__WORK ORDER__
From the line that contains "DRK-Kreisgeschäftsführer Rolf Klöcker, der" through the last line of the data, copy everything exactly and nothing else, omitting the pictures.

START PROVIDED DATA

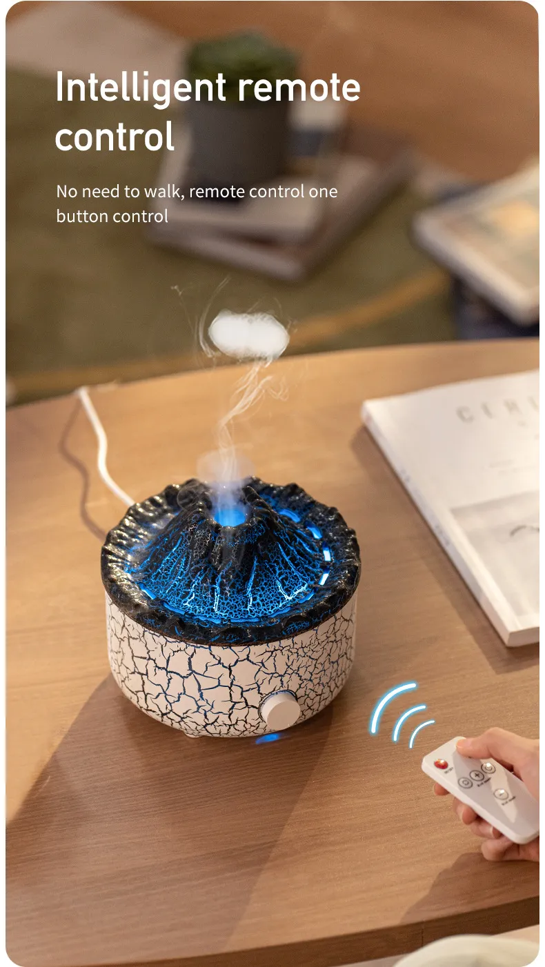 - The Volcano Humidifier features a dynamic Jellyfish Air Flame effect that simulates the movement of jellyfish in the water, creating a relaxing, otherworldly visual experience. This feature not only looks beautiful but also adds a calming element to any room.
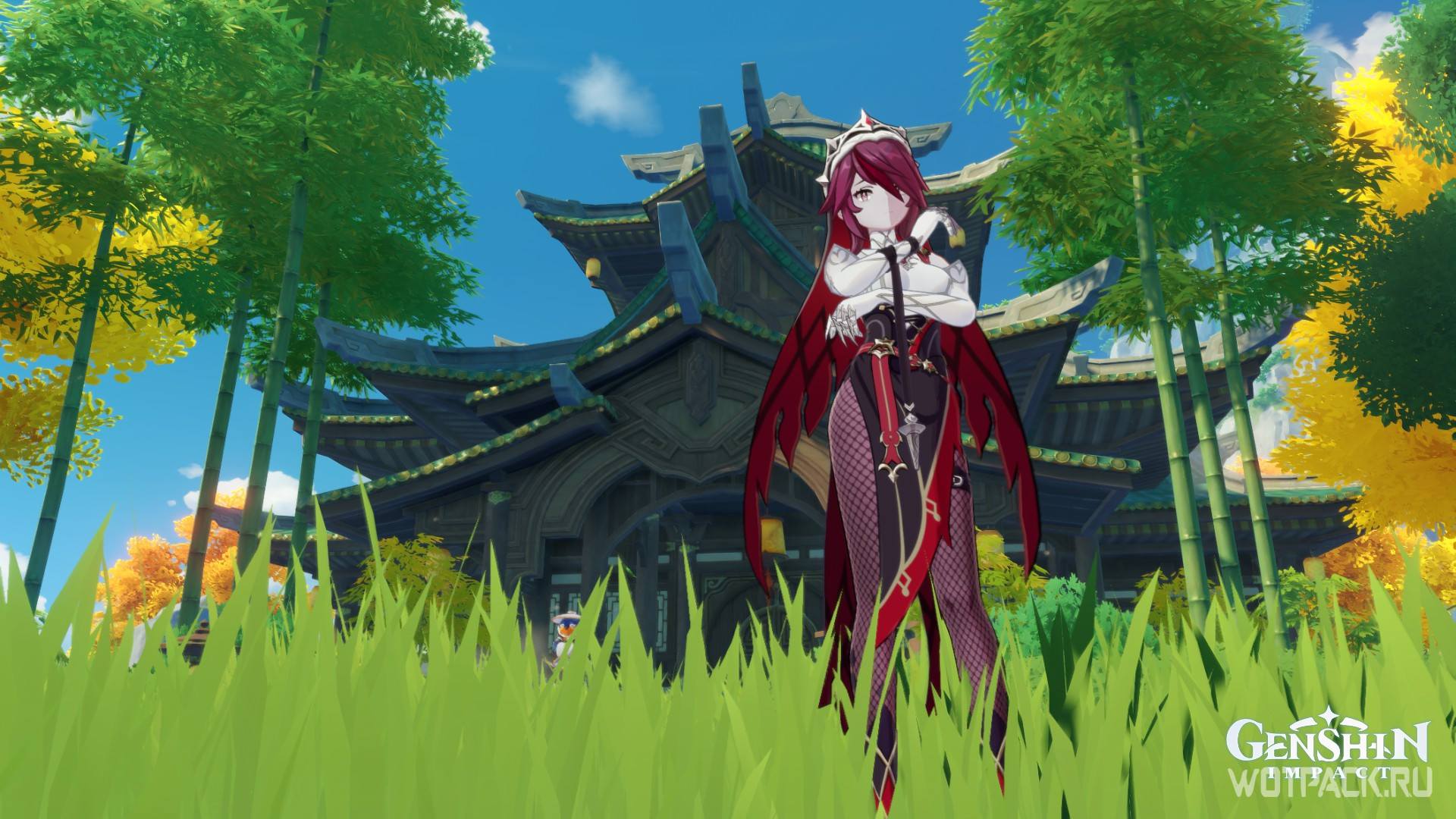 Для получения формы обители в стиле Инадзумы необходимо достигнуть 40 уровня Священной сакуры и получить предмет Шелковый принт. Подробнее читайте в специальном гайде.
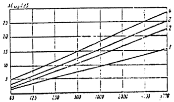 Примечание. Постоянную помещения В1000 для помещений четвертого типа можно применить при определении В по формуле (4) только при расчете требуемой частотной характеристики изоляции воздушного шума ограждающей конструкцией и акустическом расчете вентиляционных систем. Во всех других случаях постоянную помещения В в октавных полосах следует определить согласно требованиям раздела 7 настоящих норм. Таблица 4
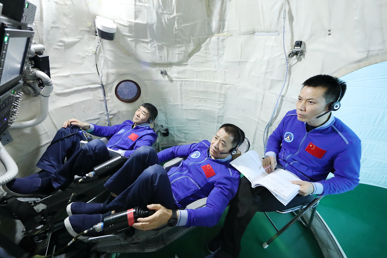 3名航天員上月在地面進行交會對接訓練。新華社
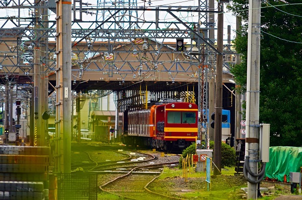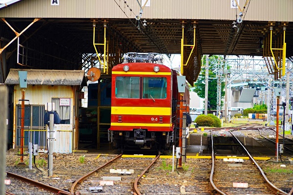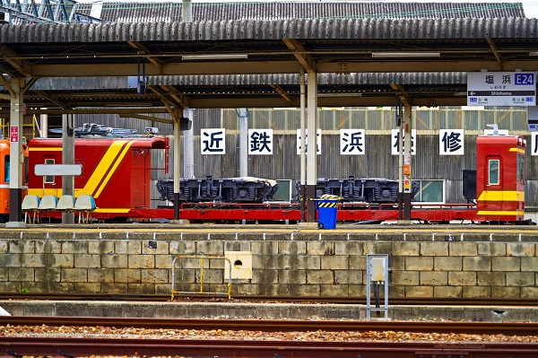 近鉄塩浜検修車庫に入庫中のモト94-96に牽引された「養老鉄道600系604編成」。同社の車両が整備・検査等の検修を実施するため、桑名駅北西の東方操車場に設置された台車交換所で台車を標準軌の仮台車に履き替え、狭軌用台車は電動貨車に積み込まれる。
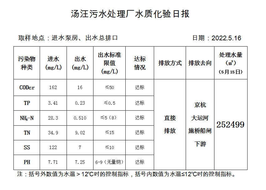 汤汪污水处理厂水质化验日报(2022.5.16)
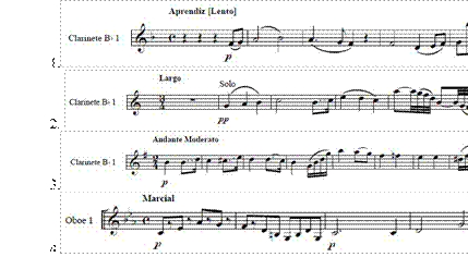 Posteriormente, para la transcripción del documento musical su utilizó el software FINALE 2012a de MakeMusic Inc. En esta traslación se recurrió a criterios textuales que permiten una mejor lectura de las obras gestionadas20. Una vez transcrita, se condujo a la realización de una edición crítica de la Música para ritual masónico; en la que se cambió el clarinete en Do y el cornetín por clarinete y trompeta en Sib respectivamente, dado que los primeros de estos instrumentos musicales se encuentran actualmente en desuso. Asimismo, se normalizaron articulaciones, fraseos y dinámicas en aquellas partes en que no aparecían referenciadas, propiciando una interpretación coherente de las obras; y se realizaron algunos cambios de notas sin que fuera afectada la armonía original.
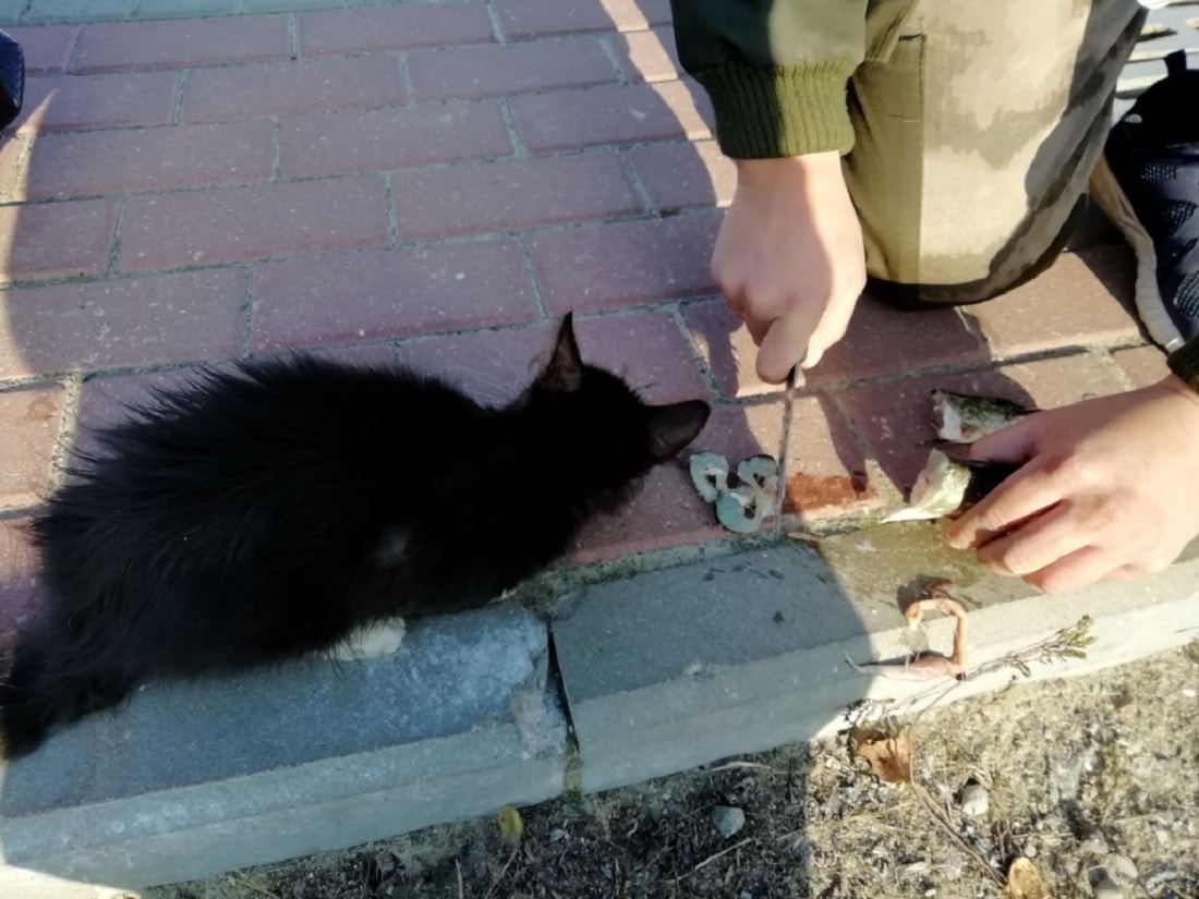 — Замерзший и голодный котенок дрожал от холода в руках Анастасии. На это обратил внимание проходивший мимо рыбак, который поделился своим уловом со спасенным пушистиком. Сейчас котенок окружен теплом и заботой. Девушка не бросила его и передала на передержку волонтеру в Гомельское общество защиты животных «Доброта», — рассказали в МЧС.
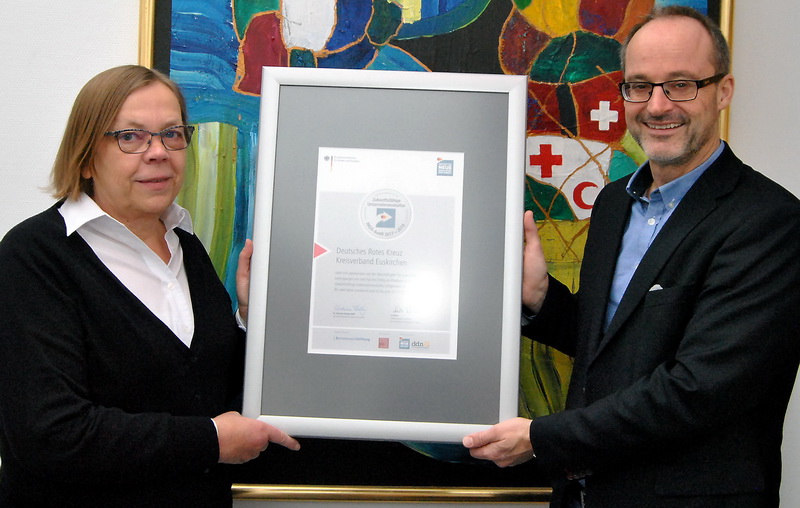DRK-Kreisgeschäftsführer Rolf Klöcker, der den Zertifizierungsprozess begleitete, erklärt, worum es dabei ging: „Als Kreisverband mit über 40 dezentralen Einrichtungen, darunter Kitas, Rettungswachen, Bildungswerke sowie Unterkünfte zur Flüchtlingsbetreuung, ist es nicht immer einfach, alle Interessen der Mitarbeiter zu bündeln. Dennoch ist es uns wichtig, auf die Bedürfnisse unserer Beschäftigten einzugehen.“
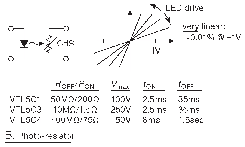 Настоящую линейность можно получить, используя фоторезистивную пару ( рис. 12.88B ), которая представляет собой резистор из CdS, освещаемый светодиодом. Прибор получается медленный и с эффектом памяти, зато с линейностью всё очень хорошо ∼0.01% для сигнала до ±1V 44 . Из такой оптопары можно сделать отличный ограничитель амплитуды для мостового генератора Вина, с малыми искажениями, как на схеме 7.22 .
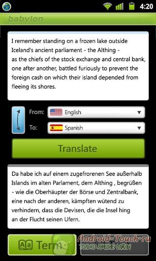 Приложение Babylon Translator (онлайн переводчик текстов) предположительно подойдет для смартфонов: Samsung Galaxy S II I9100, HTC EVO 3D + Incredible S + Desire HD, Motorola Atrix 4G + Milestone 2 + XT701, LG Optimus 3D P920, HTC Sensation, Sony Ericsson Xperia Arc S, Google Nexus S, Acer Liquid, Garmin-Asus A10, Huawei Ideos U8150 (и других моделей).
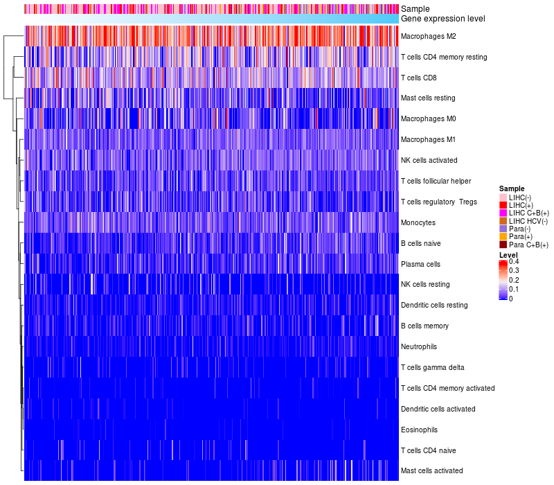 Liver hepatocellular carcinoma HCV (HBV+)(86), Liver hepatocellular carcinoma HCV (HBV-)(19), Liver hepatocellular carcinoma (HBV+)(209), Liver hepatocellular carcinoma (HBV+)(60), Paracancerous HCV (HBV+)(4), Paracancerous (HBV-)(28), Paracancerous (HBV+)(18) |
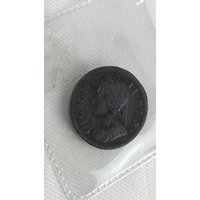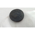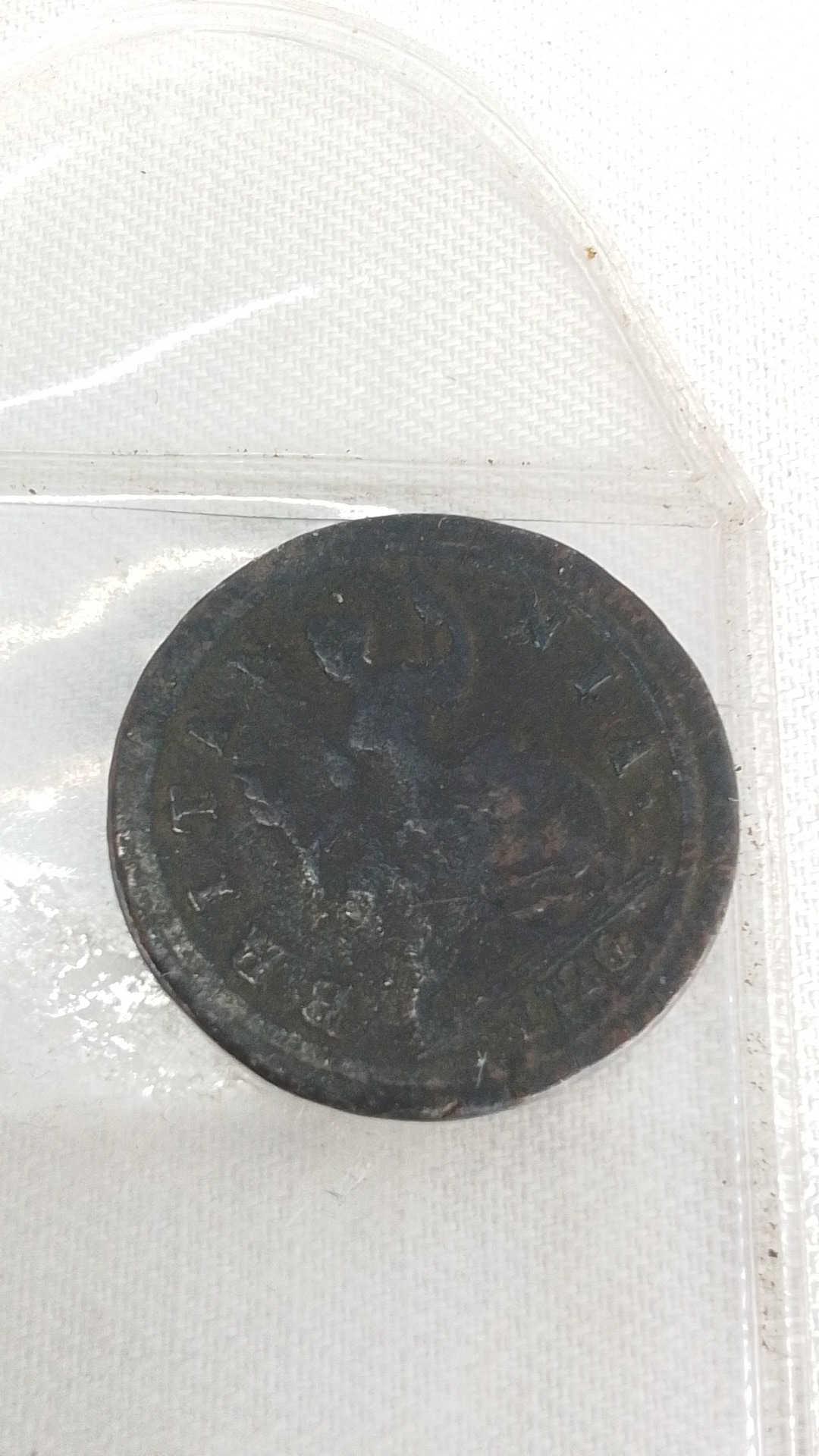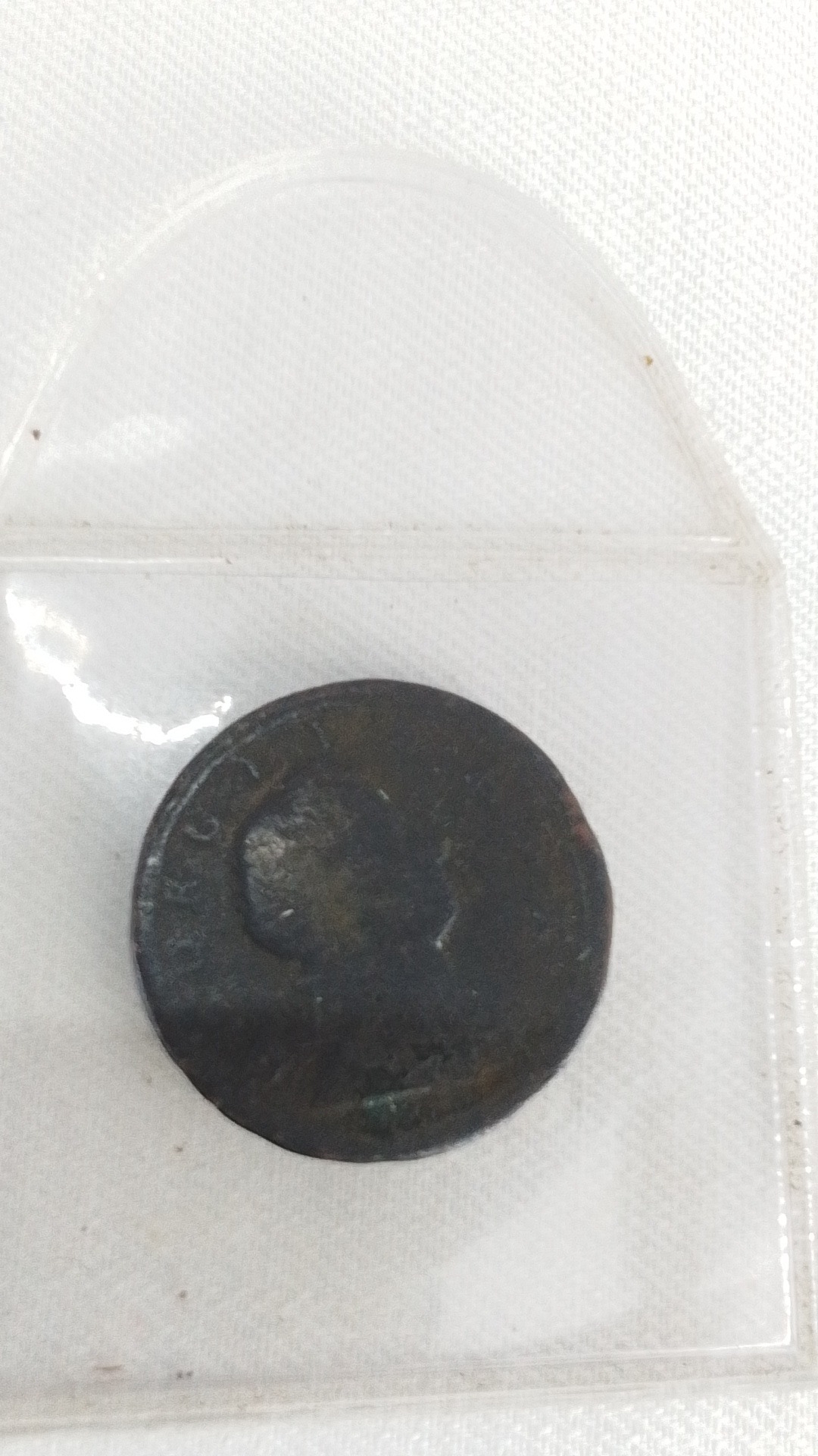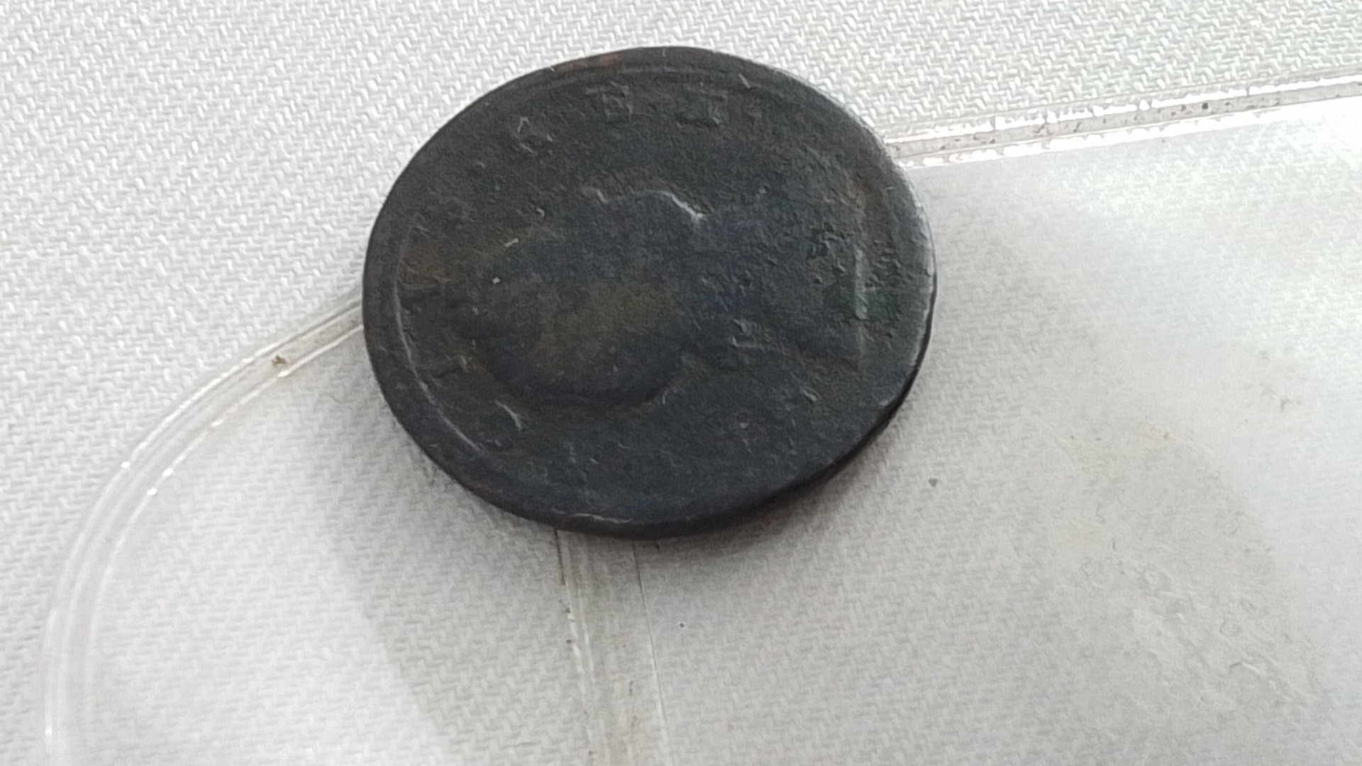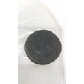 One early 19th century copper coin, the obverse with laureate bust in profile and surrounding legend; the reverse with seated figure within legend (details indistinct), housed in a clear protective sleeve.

END PROVIDED DATA

__TASK RESULT__
DRK-Kreisgeschäftsführer Rolf Klöcker, der den Zertifizierungsprozess begleitete, erklärt, worum es dabei ging: „Als Kreisverband mit über 40 dezentralen Einrichtungen, darunter Kitas, Rettungswachen, Bildungswerke sowie Unterkünfte zur Flüchtlingsbetreuung, ist es nicht immer einfach, alle Interessen der Mitarbeiter zu bündeln. Dennoch ist es uns wichtig, auf die Bedürfnisse unserer Beschäftigten einzugehen.“
 Настоящую линейность можно получить, используя фоторезистивную пару ( рис. 12.88B ), которая представляет собой резистор из CdS, освещаемый светодиодом. Прибор получается медленный и с эффектом памяти, зато с линейностью всё очень хорошо ∼0.01% для сигнала до ±1V 44 . Из такой оптопары можно сделать отличный ограничитель амплитуды для мостового генератора Вина, с малыми искажениями, как на схеме 7.22 .
 Приложение Babylon Translator (онлайн переводчик текстов) предположительно подойдет для смартфонов: Samsung Galaxy S II I9100, HTC EVO 3D + Incredible S + Desire HD, Motorola Atrix 4G + Milestone 2 + XT701, LG Optimus 3D P920, HTC Sensation, Sony Ericsson Xperia Arc S, Google Nexus S, Acer Liquid, Garmin-Asus A10, Huawei Ideos U8150 (и других моделей).
 Liver hepatocellular carcinoma HCV (HBV+)(86), Liver hepatocellular carcinoma HCV (HBV-)(19), Liver hepatocellular carcinoma (HBV+)(209), Liver hepatocellular carcinoma (HBV+)(60), Paracancerous HCV (HBV+)(4), Paracancerous (HBV-)(28), Paracancerous (HBV+)(18) |
 One early 19th century copper coin, the obverse with laureate bust in profile and surrounding legend; the reverse with seated figure within legend (details indistinct), housed in a clear protective sleeve.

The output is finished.